Dataset records
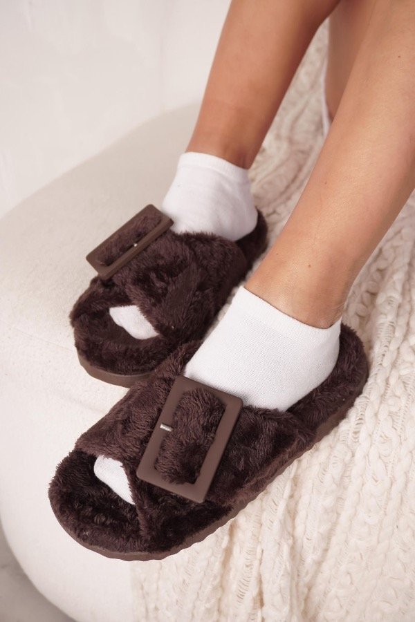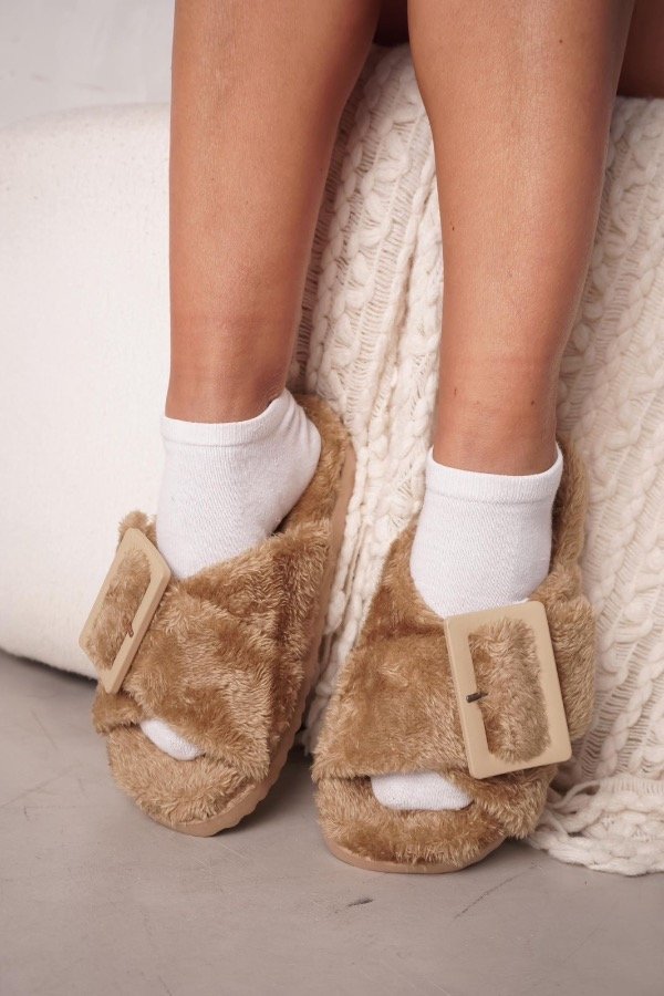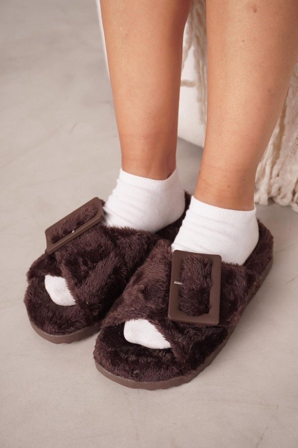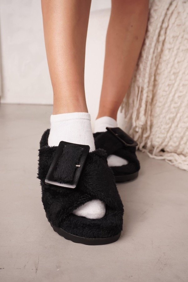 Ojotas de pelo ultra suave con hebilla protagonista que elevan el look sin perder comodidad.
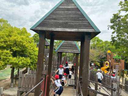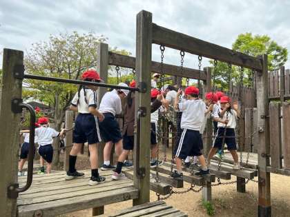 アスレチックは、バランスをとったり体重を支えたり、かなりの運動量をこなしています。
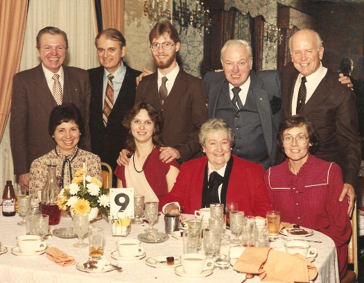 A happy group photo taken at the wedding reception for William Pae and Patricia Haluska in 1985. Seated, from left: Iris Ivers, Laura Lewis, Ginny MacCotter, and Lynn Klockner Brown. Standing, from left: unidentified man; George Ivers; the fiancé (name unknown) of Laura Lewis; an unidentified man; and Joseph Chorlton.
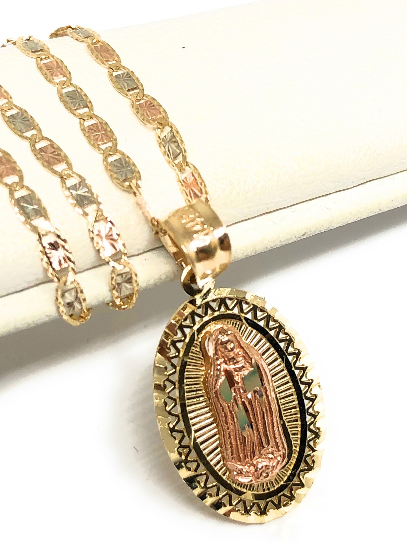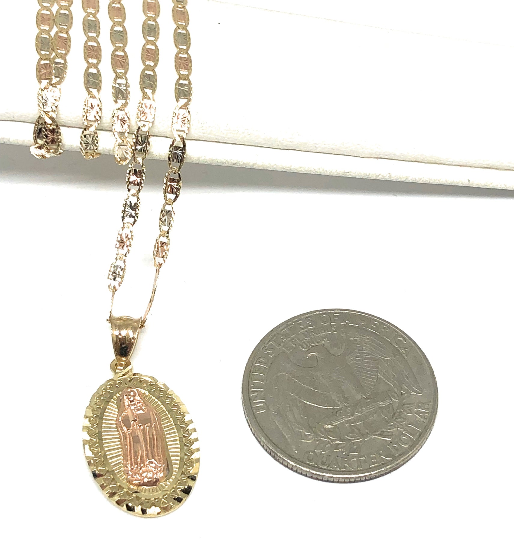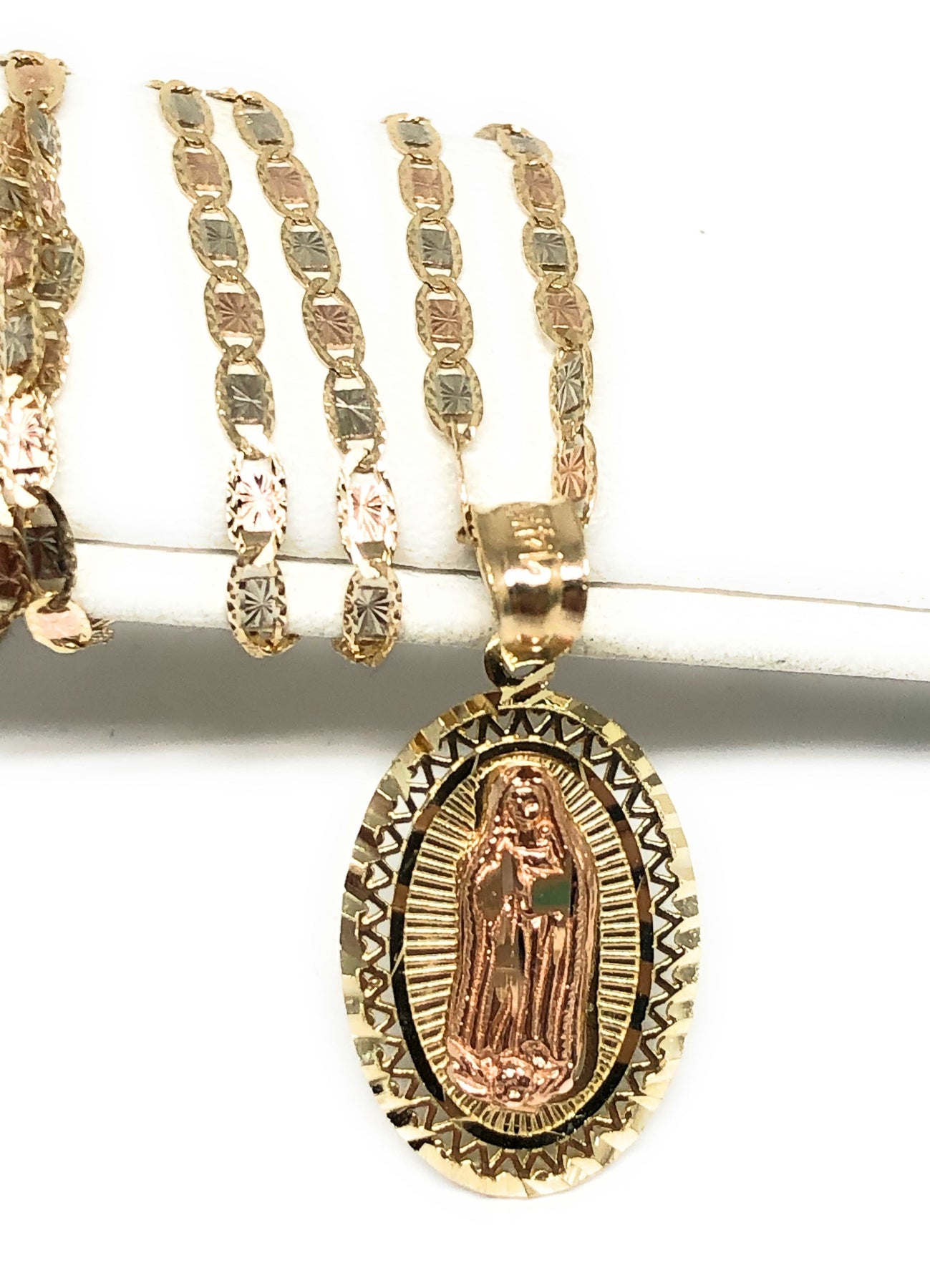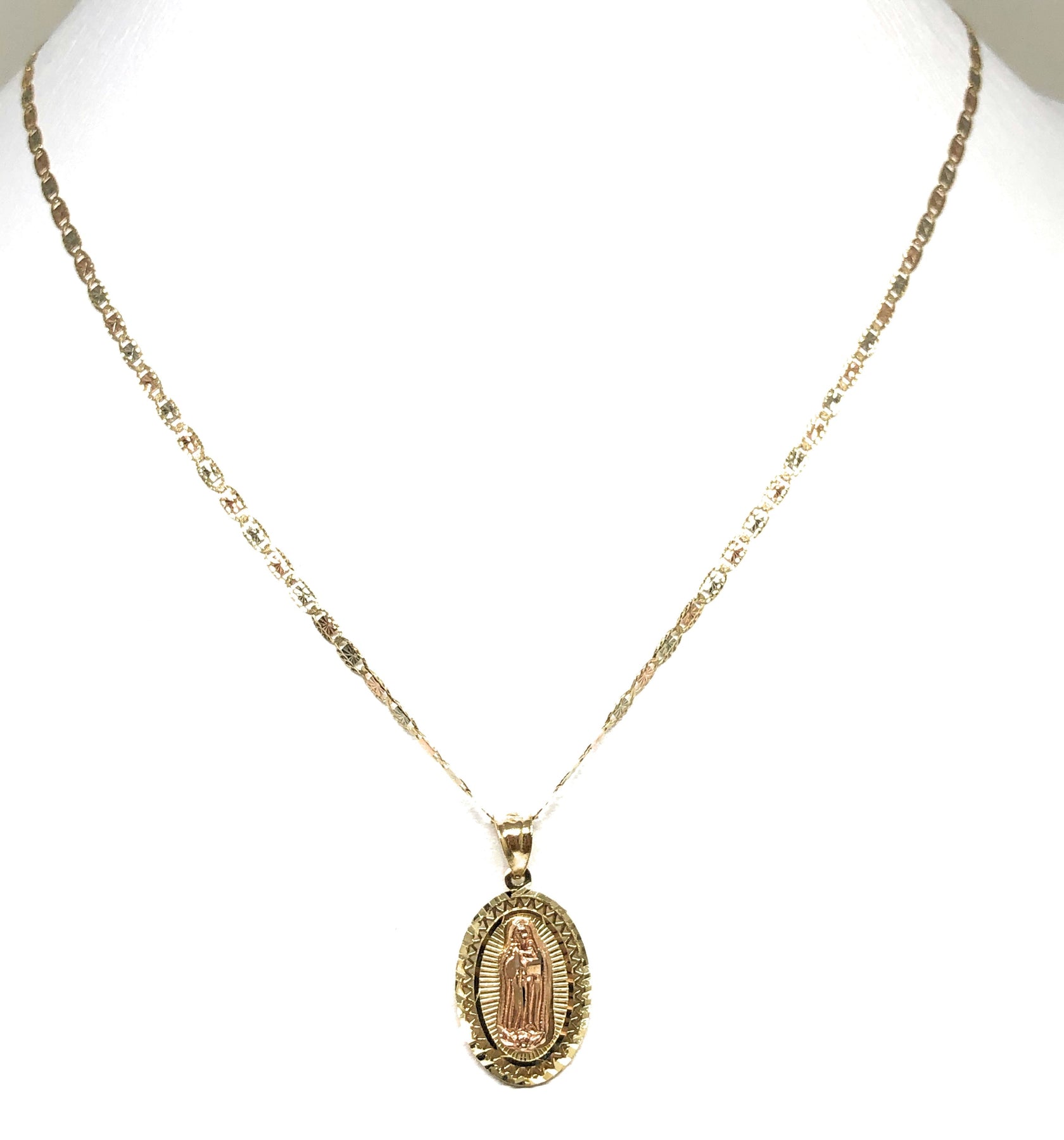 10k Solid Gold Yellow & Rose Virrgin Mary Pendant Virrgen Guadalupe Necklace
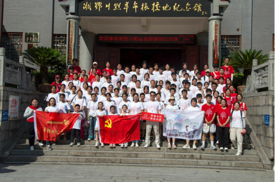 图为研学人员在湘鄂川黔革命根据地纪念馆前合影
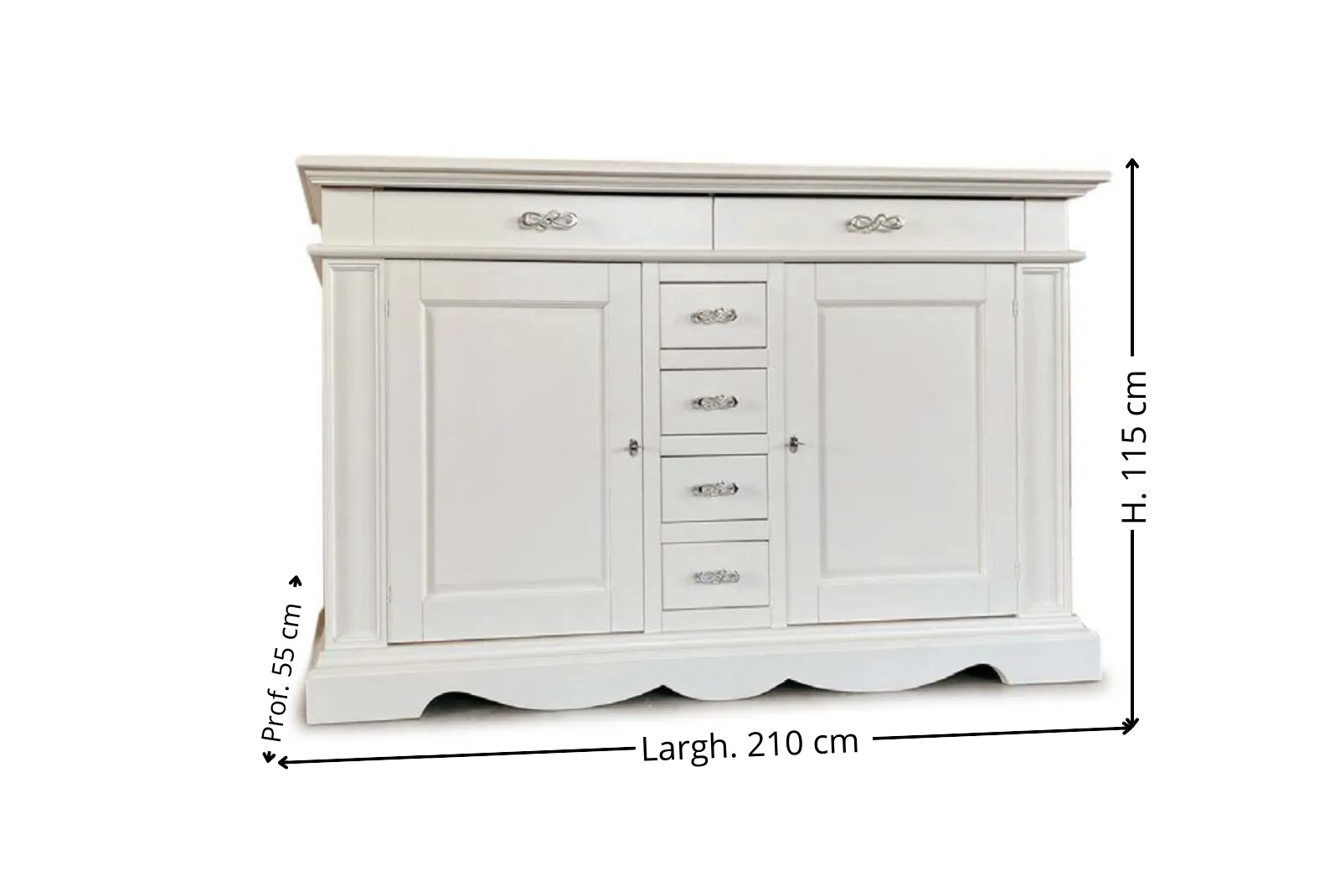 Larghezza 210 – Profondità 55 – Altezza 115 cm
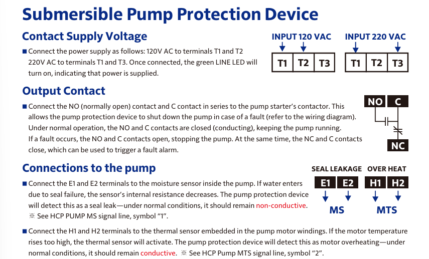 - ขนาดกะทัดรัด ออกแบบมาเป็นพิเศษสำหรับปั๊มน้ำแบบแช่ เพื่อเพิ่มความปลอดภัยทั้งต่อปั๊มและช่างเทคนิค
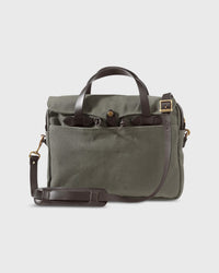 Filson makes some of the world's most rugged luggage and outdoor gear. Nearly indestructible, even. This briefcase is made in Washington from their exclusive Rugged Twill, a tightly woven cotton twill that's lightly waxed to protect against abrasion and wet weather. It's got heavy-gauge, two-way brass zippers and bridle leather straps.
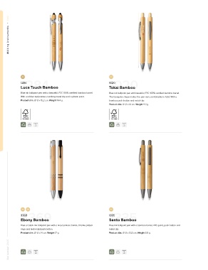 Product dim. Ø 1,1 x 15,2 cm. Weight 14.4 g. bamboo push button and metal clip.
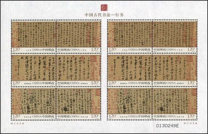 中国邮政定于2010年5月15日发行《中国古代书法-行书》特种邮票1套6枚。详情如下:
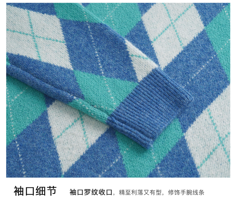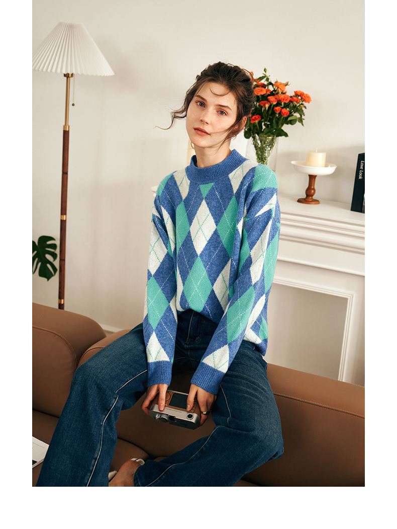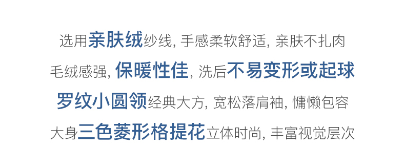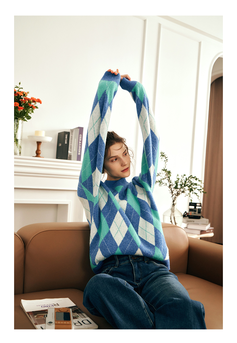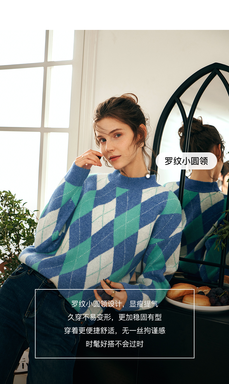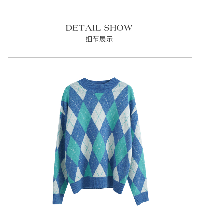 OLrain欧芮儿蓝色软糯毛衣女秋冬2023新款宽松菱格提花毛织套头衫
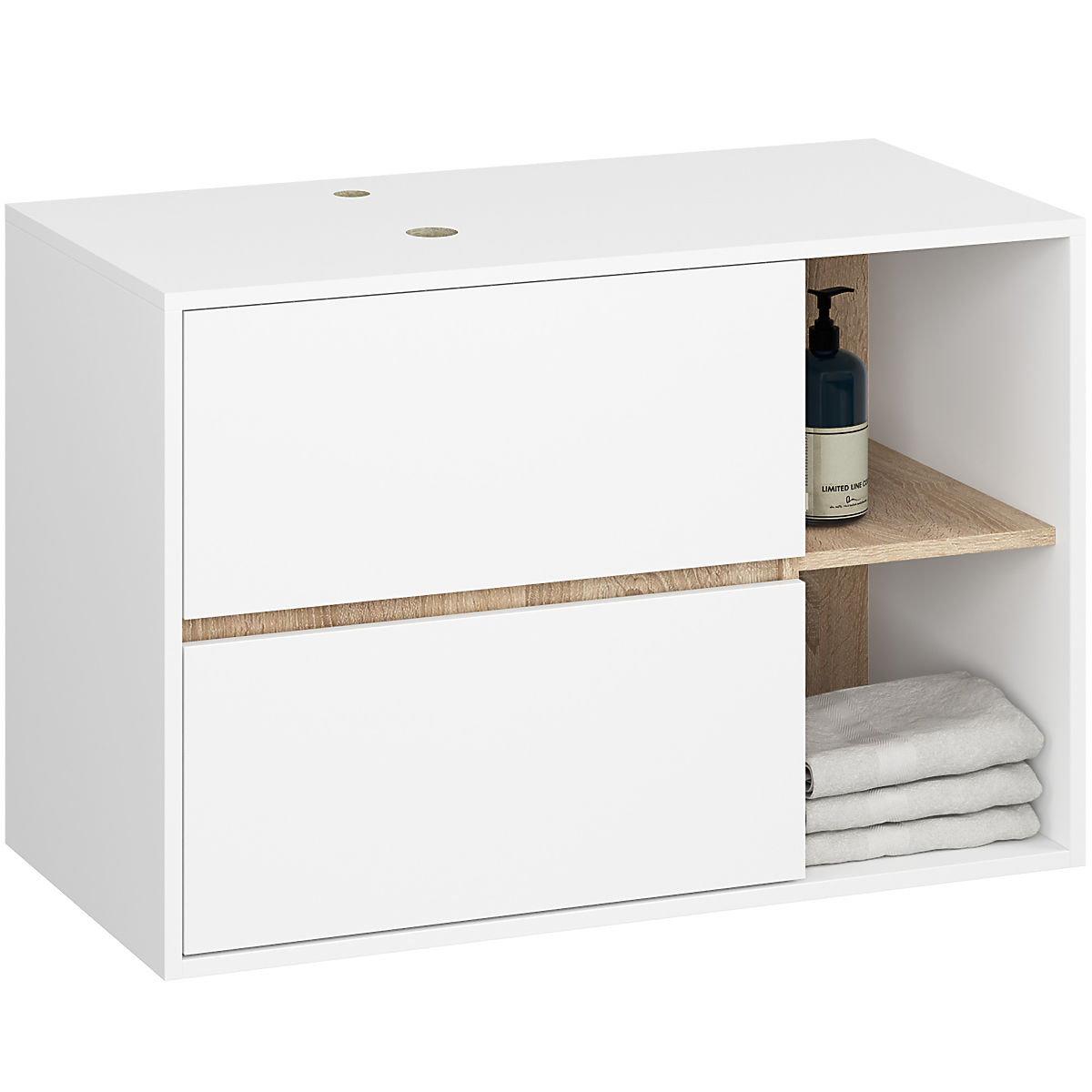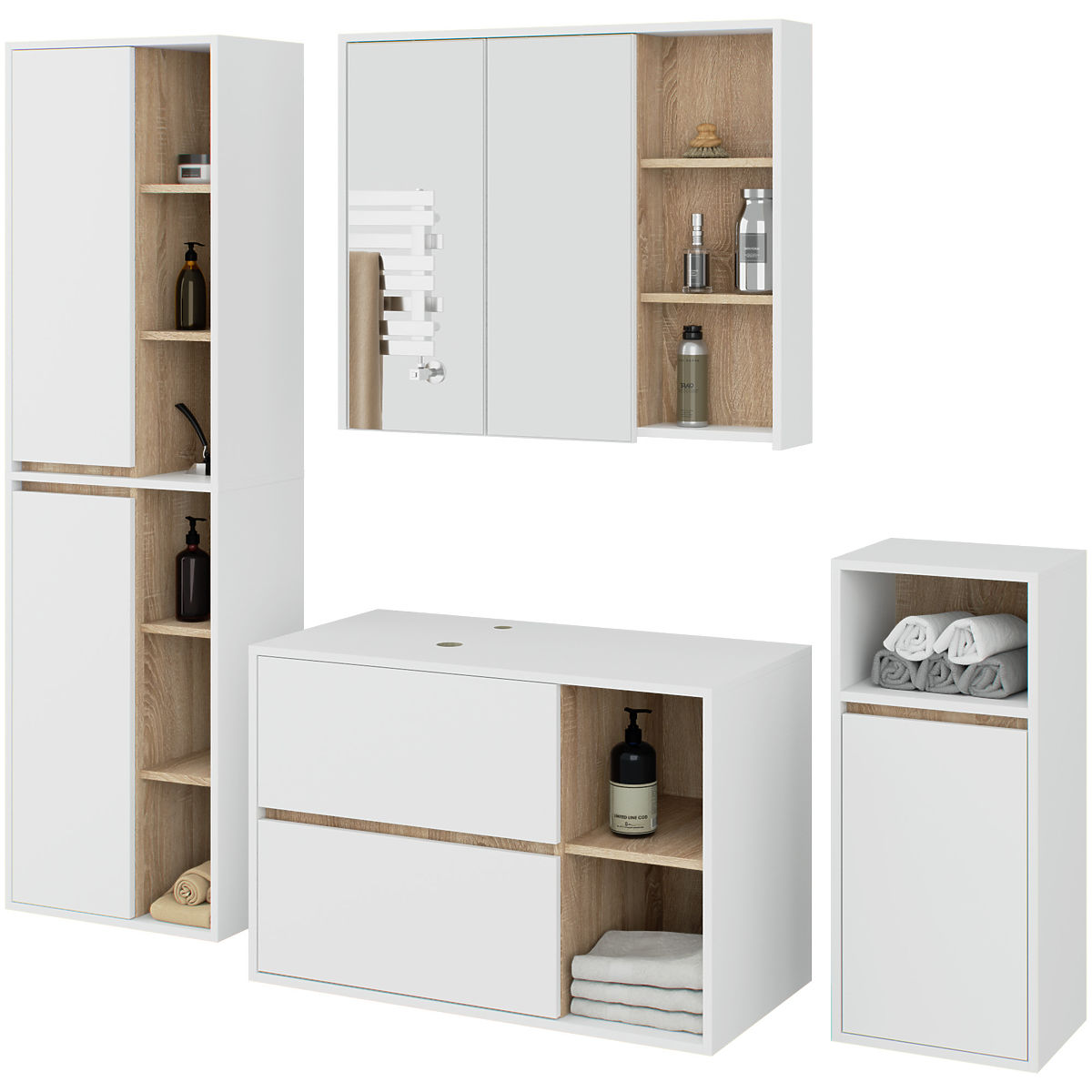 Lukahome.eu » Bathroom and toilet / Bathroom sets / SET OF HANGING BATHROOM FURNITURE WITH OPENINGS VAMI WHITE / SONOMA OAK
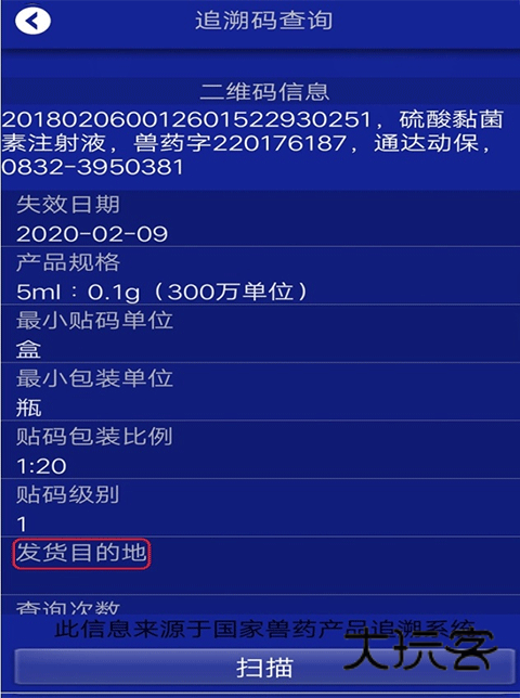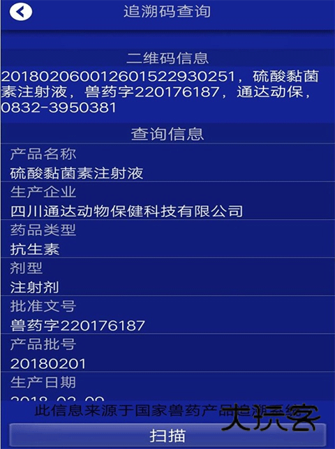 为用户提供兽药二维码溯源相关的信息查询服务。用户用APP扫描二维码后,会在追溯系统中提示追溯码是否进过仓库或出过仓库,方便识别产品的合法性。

*REQUIRED WORK:*
Repeat the data above word for word, without pictures.

*WRITTEN SOLUTION:*
 Ojotas de pelo ultra suave con hebilla protagonista que elevan el look sin perder comodidad.
 アスレチックは、バランスをとったり体重を支えたり、かなりの運動量をこなしています。
 A happy group photo taken at the wedding reception for William Pae and Patricia Haluska in 1985. Seated, from left: Iris Ivers, Laura Lewis, Ginny MacCotter, and Lynn Klockner Brown. Standing, from left: unidentified man; George Ivers; the fiancé (name unknown) of Laura Lewis; an unidentified man; and Joseph Chorlton.
 10k Solid Gold Yellow & Rose Virrgin Mary Pendant Virrgen Guadalupe Necklace
 图为研学人员在湘鄂川黔革命根据地纪念馆前合影
 Larghezza 210 – Profondità 55 – Altezza 115 cm
 - ขนาดกะทัดรัด ออกแบบมาเป็นพิเศษสำหรับปั๊มน้ำแบบแช่ เพื่อเพิ่มความปลอดภัยทั้งต่อปั๊มและช่างเทคนิค
 Filson makes some of the world's most rugged luggage and outdoor gear. Nearly indestructible, even. This briefcase is made in Washington from their exclusive Rugged Twill, a tightly woven cotton twill that's lightly waxed to protect against abrasion and wet weather. It's got heavy-gauge, two-way brass zippers and bridle leather straps.
 Product dim. Ø 1,1 x 15,2 cm. Weight 14.4 g. bamboo push button and metal clip.
 中国邮政定于2010年5月15日发行《中国古代书法-行书》特种邮票1套6枚。详情如下:
 OLrain欧芮儿蓝色软糯毛衣女秋冬2023新款宽松菱格提花毛织套头衫
 Lukahome.eu » Bathroom and toilet / Bathroom sets / SET OF HANGING BATHROOM FURNITURE WITH OPENINGS VAMI WHITE / SONOMA OAK
 为用户提供兽药二维码溯源相关的信息查询服务。用户用APP扫描二维码后,会在追溯系统中提示追溯码是否进过仓库或出过仓库,方便识别产品的合法性。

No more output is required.